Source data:

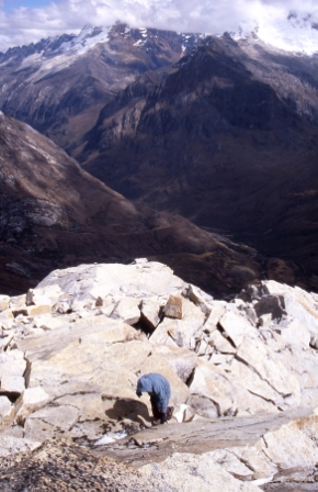 Another day of grey skies. From our camp site at Taullipampa in the Santa Cruz valley we did a side trip to the summit of Sentillo, an offshoot of the peak of Millisraju at altitude about 5000m. The climb started on grassy slopes and became an interesting rock scramble higher up. After this side trip we headed to Alpamayo South base camp to camp.
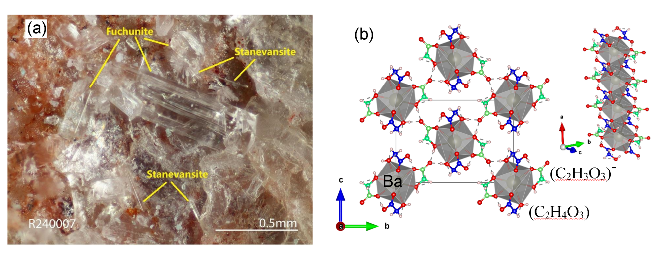 自然界的乙醇酸多來(lái)源于植物根系的分解,乙醇酸鹽礦物的形成及保存對(duì)自然界的固碳作用具有重要的指示意義。自楊和雄博士發(fā)現(xiàn)第一個(gè)銅乙醇酸鹽礦物—Lazaraskeite(拉扎石)并于2022年被國(guó)際礦物學(xué)會(huì)批準(zhǔn)為新礦物以來(lái),已陸續(xù)發(fā)現(xiàn)鈣、鎂、鈉、鋅和銨等的乙醇酸鹽礦物,建立并逐步豐富了乙醇酸鹽礦物族,福春石是該礦物族的最新成員。福春石含有的兩種有機(jī)分子—乙醇酸根(C2H3O3)-和乙醇酸分子(C2H4O3)圍繞Ba2+形成Ba(C2H3O3)2(C2H4O3)4配位多面體并共邊鏈接形成平行a軸的鏈狀構(gòu)造(圖b)。福春石以其獨(dú)特的化學(xué)組成和晶體結(jié)構(gòu),可成為探索土壤微生物—植物根系—重金屬離子之間的相互作用及其環(huán)境效應(yīng)的重要實(shí)例。
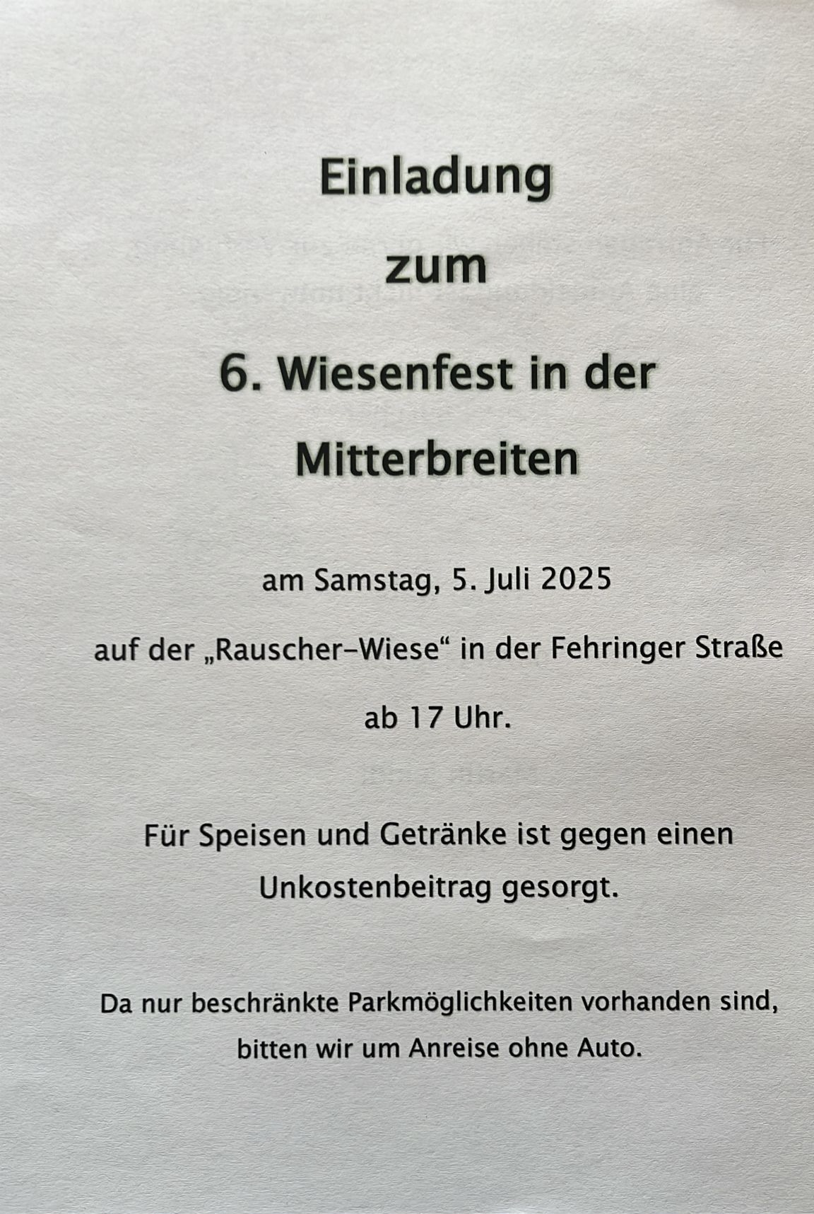Wiesenfest 2025Beginn:05.07.2025, 17:00 Uhr Ende:05.07.2025, 23:00 Uhr Ort:Fehringerstraße 79 in FürstenfeldVeranstalter:Johann RauscherNachbarschaftsfest für die Bewohner des Stadtteiles Mühlbreiten in FürstenfeldInfos511529890_1169260895236696_2152458001036751949_n.jpg (399.79 K)
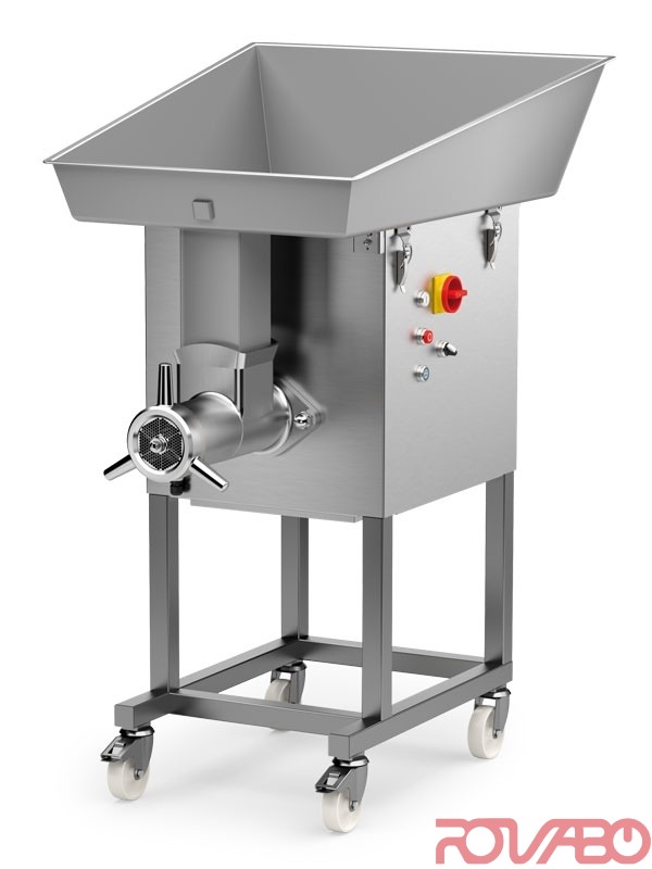 Casing in AISI 304 stainless steel, brake wheels floor standing. Cutting system and hopper easily and completely removable for cleaning purposes. Standard equipment: kit for connecting Patty former or foot pedal (not included). The mincer can be equipped either with a back (standard ), flat 630x930x125 mm or sideways lifted 845x925x110/250 mm hopper. Enterprise: 1 plate and one self-sharpening knife in stainless steel. Output: 1500 kg/h.
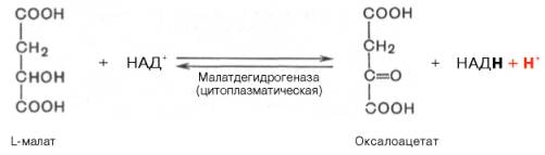 Реакция протекает при участии митохондриальной НАД-зависимой малатдегидрогеназы. В митохондриях отношение НАДН/НАД+ относительно велико, в связи с чем внутримитохондриальный оксалоацетат легко восстанавливается в малат, который легко выходит из митохондрии через митохондриальную мембрану. В цитозоле отношение НАДН/НАД+ очень мало, и малат вновь окисляется при участии цитоплазматической НАД-зависимой малатдегидрогеназы:
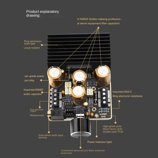 7850 płyta wzmacniacza zasilania 2X80W 2.1 kanał AB moduł wzmacniacza mocy DIY Kategoria: wzmacniacz mocy klasy AB 2.1Napięcie zasilania: DC9-18VMoc wyjściowa: maksymalnie 2x80W stereo i 1x120W czysty basImpedancja wyjściowa: można podłączyć głośniki 2/4/6/8 ohmTryb wejścia: linia audio 3.5mm/wejście terminala 3PRozmiar: 72x66mmMateriał: PCBKolor: czarnyZawartość opakowania:1 * płyta wzmacniaczaTylko powyższa zawartość opakowania, inne produkty nie są uwzględnione.Uwaga: fotografowanie światłem i różne wyświetlacze mogą spowodować, że kolor przedmiotu na zdjęciu będzie trochę inny niż rzeczywisty. Błąd pomiaru wynosi +/- 1-3cm.
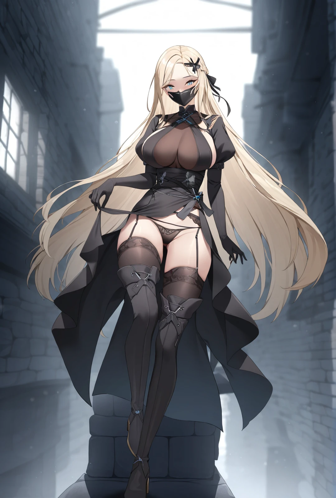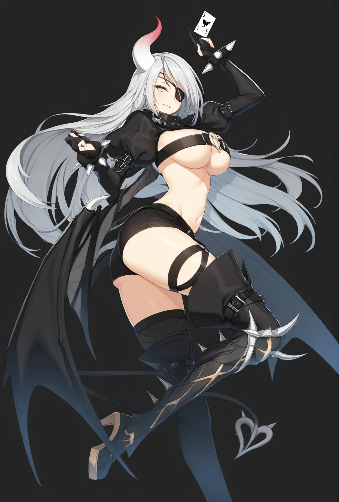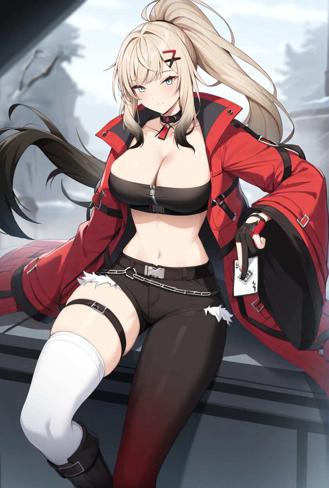 Harpy, 1girl, solo, long hair, blue eyes, shirt, large breasts, blonde hair, gloves, thighhighs, cleavage, thighs, boots, shorts, black gloves, collared shirt, high heels, short shorts, chain, thigh boots, corset, sleeves rolled up, asymmetrical legwear, partially fingerless gloves,
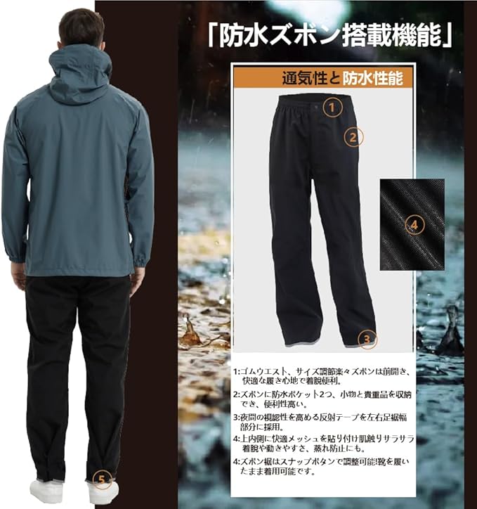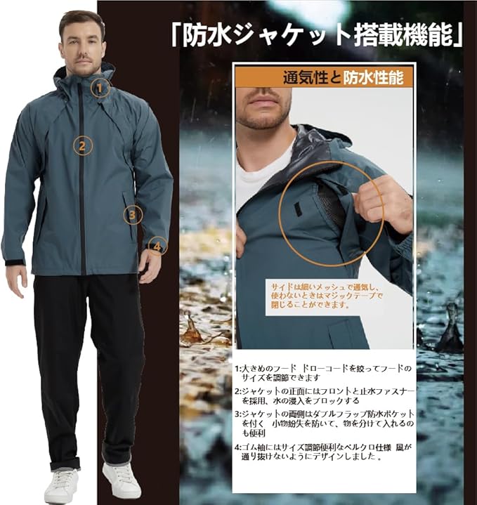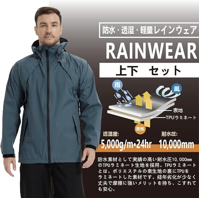 [TopKylin] レインスーツ ゴルフ レインウェア メンズ レインコート 上下セット カッパ 通気 透湿 防水 防風 アウトドア 登山 釣り 自転車 ウィンドブレーカー 通勤 通学 a

- TASK GOAL: Leave out all pictures and output each line exactly, from the top of the records through the line that holds "自然界的乙醇酸多來(lái)".

- RESPONSE TO THE TASK:
 Another day of grey skies. From our camp site at Taullipampa in the Santa Cruz valley we did a side trip to the summit of Sentillo, an offshoot of the peak of Millisraju at altitude about 5000m. The climb started on grassy slopes and became an interesting rock scramble higher up. After this side trip we headed to Alpamayo South base camp to camp.
 自然界的乙醇酸多來(lái)源于植物根系的分解,乙醇酸鹽礦物的形成及保存對(duì)自然界的固碳作用具有重要的指示意義。自楊和雄博士發(fā)現(xiàn)第一個(gè)銅乙醇酸鹽礦物—Lazaraskeite(拉扎石)并于2022年被國(guó)際礦物學(xué)會(huì)批準(zhǔn)為新礦物以來(lái),已陸續(xù)發(fā)現(xiàn)鈣、鎂、鈉、鋅和銨等的乙醇酸鹽礦物,建立并逐步豐富了乙醇酸鹽礦物族,福春石是該礦物族的最新成員。福春石含有的兩種有機(jī)分子—乙醇酸根(C2H3O3)-和乙醇酸分子(C2H4O3)圍繞Ba2+形成Ba(C2H3O3)2(C2H4O3)4配位多面體并共邊鏈接形成平行a軸的鏈狀構(gòu)造(圖b)。福春石以其獨(dú)特的化學(xué)組成和晶體結(jié)構(gòu),可成為探索土壤微生物—植物根系—重金屬離子之間的相互作用及其環(huán)境效應(yīng)的重要實(shí)例。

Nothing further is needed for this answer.